Kwang-Young Chun will attend the opening of his exhibition, Aggregations, New Work, at 4 p.m. January 17 at the Daura Gallery. The exhibition will run through March 2.
Chun began his series, Aggregations, in the 1990s. Today, he is recognized internationally for these sculptural and wall-relief forms. The fundamental elements of his work are individual, triangular, Styrofoam forms that Chun wraps in Korean mulberry paper twisted into string, and assembles into large-scale works. The whole is an aggregate of its many parts.
Chun’s early artistic career was spent studying western painting, specifically Abstract Expressionism. Mulberry paper gives him a way to express his unique Korean artistic voice.
This exhibition is curated by Susan Moldenhauer, director and chief curator of the University of Wyoming Art Museum, and is funded in part by the National Advisory Board of the UW Art Museum and the Wyoming Arts Council through the National Endowment for the Arts and the Wyoming State Legislature.
Image: Close-up of Kwang-Young Chun’s work, mixed media and Korean mulberry paper. Reproduced by permission of the artist and the University of Wyoming Art Museum.
The Daura Gallery will also present a Select Sunday event related to the exhibition:
Sunday, January 22: “21st Century Korean Art: Abstract/Emotive/Textured/Global”

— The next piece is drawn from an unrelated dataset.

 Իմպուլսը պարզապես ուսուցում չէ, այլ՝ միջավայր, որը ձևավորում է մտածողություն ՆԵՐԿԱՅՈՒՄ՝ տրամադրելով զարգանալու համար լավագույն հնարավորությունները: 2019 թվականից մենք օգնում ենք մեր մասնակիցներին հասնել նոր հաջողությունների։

Lecture by Dr. John Goulde, professor of religion and director of the Asian studies program, Sweet Briar College
Also opening on Jan. 16 is Daura in France. That exhibition will run through May 25.
Daura in France
In 1914, at the age of eighteen, Pierre Daura left Barcelona to pursue his art career in Paris. Under the tutelage of André Lambert, a graphic artist and founder of Janus, a periodic literary journal, he sketched many portraits and city scenes that became the basis for engravings. He exhibited paintings at the Salon d’Automne in 1922 and 1926, but rejected by the Salon in 1928, he joined the artists Joaquim Torres-Garcia, Jean Hélion, Engel-Rozier, and Alfred Aberdam to hold a critically acclaimed exhibition, Cinq Peintres refuses par la Jury du Salon d’Automne, at the Galeries Marck.

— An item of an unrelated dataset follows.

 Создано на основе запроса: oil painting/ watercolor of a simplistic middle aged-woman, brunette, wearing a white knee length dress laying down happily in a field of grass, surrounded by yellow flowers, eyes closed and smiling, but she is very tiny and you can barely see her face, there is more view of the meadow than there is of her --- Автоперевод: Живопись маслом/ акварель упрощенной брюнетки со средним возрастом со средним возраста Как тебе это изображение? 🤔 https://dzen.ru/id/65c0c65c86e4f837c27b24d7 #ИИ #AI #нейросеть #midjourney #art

During the 1920s and 30s, he continued to exhibit regularly in Paris, Barcelona, and elsewhere in Europe, where his work was well received by critics. When Daura and his wife, Louise, visited the medieval mountain town of St. Cirq while on their honeymoon in 1930, they bought a twelfth-century house where they lived and worked on-and-off until late in their lives. This exhibition, drawn from the Daura Gallery and private collections, examines the urban and rural landscapes and people of France that provided Daura a constant source of subject matter.
Image: Pierre Daura, Rue Cujas – Tour de Clovis Paris ve, 1924, engraving. Collection of the Daura Gallery.